Musically, Director Avi Stein (conducting from the tiny harpsichord), gave an impetus and push to each scene. The first familiar notes took an odd rhythmic jolt, but Poppea has no authoritative score, so perhaps he was right. And hearing so many female voices could have become tiresome. Yet as the sex and violence continued with music verging on the most dissonant sounds, he never lost sight of the erotic storyline, with the voices to do his bidding.

And what voices they were!! The women (and rare men) had the vocal expertise to essay Baroque phrasing, melismas and trills with ease. And above all stands (or sits or lies) Poppea, played by Hai-ting Ching, already an established Baroque singer. Only in the third act was her voice raised. But her passion—especially in the low register—was more than enough for volume.

She resembled that silent film vamp, Theda Bara, and acted equally seductive. As for her stage presence, well, Ms. Chinn was prone to….

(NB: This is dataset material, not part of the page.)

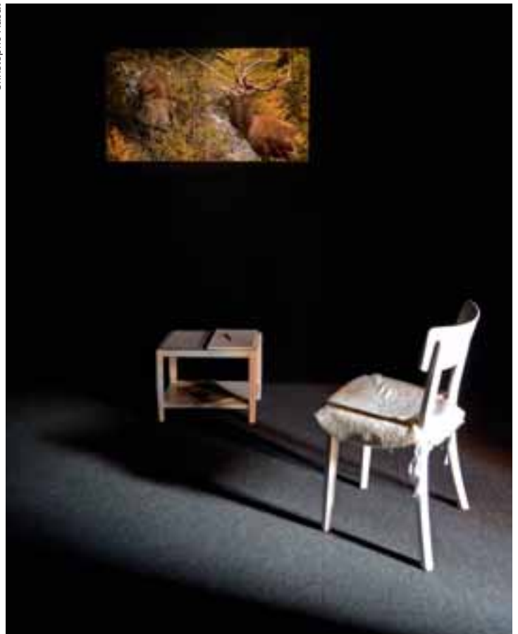
Claude Morerod n'est plus, mais son œuvre magnifique reste.

Oh, hell, she was simply prone! An iconic voluptuary.

Cherry Duke, as Nero, is usually played by a tenor, but this soprano (originally a castrato?) was very appealing. Ms. Duke was also a complex. character: weak, vindictive, heroic and a pawn for Poppea. (I like the translation of the final aria: She: “I adore you.” He: “I desire you.” That says it all.)

Ottavio, Nero’s unhappy wife played by Melissa Fogarty has a moment in the last act when, banished from Rome, she sings farewell and sadly departs. Very moving indeed. Jeffrey Mandelbaum was the equivalent cuckolded husband. His counter-tenor register was easy and believable. Steven Hrycelak played Seneca like Polonius, but his bass-baritone was a welcome change, and the death aria—so beautiful than even Chaliapin used to sing it—was very effective.

The audience favorite was undoubtedly Marie Mascari, as Fortune (and later the Queen’s attendant, Valleto). Her voice was clear as a bell, but she was so electric in her movements that an ordinary director would request her to tone them down. Ms. Manich, though, is no ordinary director, and this was no ordinary opera.

In fact, all of the acting was paradoxically fascinating. The rolling eyes, exaggerated gestures, the eclectic costuming (Nero wears Crown, necktie and sandals) is theoretically an unplayable jumble. But it works.

While no established score is extant (and I have only the repugnant Raymond Leppard version), it is apparent that this was the complete opera. But the intimacy of the stage and musical expertise made this one of the great occasions of this year’s opera.

One important caveat. Belatedly I looked at the program introduction where Artistic Director Wesley Chinn “encourages” us to “clap, cheer, catcall or even boo.” Perhaps that was the tradition in Venice many centuries ago, but this production was so compulsive that one could only feel awe, both for the young performers and the ageless composer.